Earlier this month, the Florida Department of Health published a case report of four Candida auris cases at a hospital in Florida. (The hospital’s identity is masked by the CDC and the state). In an effort to understand the spread, the Florida department of health visited the COVID unit there in August. Their inquiry found that 35 of 67 patients admitted to the unit from Aug. 4 to 18 were colonized with C. auris, meaning that the fungus was on their skin but they were not yet infected. Subsequently, six of the patients became infected.
Crucially, the study found that the spread of the fungus from one patient to the next may well have come from health care providers carrying the germ on protective gowns or gloves, as well as on mobile computers and other equipment that had been insufficiently cleaned. This was, the CDC and other experts said, a breakdown in infection control, a practice that had come under intense scrutiny in 2019 after C. auris took root in the East Coast and began to spread.

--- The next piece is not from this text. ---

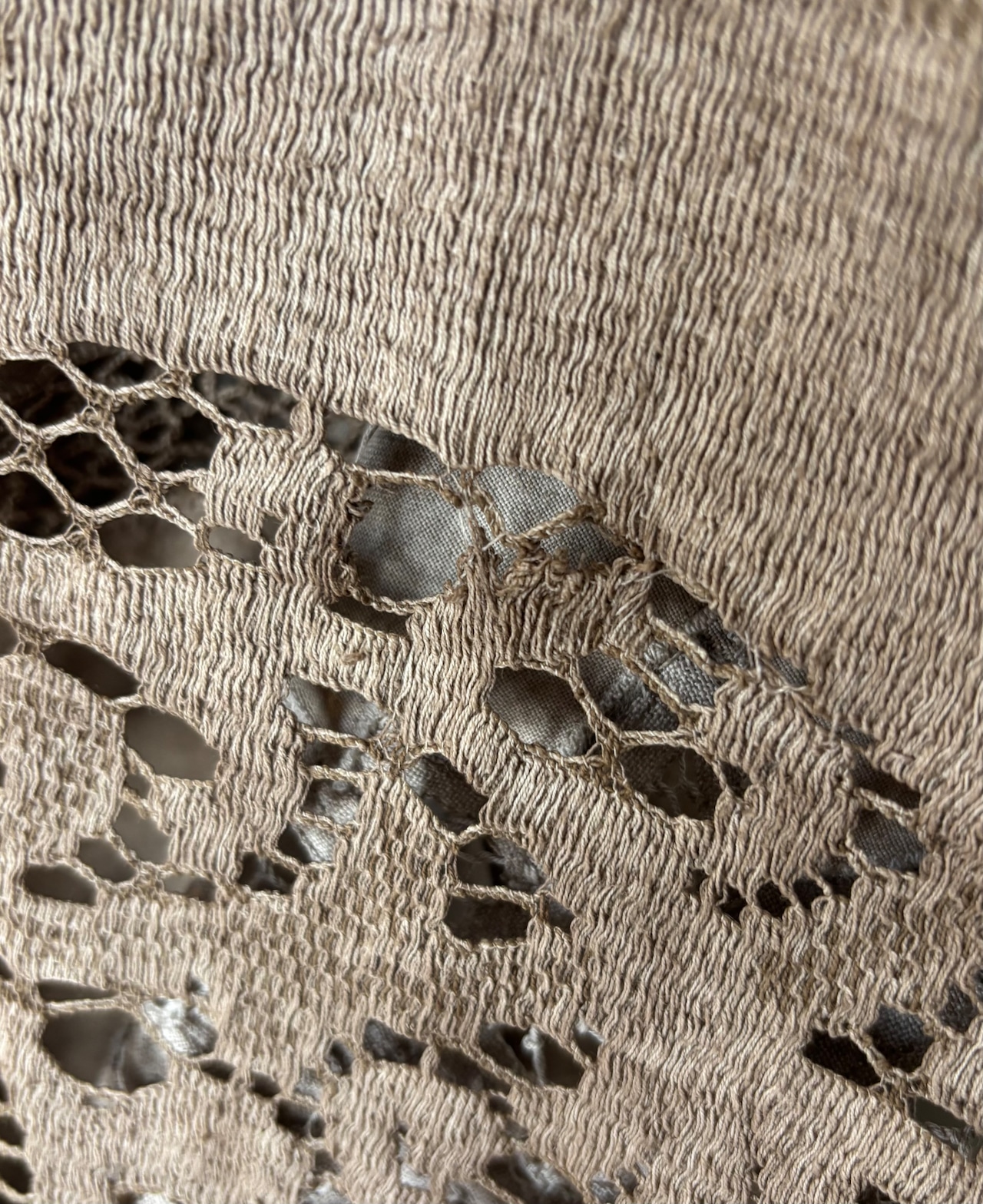 ※こちらのクロスは2ヶ所ほど糸が切れて破れのような状態があったので、ほつれ止めと手縫いで補修しております。

Nationally, the number of infections had increased to around 1,625 by November 2020, from 952 since the end of October 2019. The current number is likely far higher, Chiller said, because screening for the germ was largely halted early in the pandemic. When it picked up again, the numbers rose to 83 infections in August and 195 patients colonized — and, even then, testing was not as widespread as pre-pandemic.
The upshot is that the confirmed cases are “likely the tip of the iceberg,” Chiller said.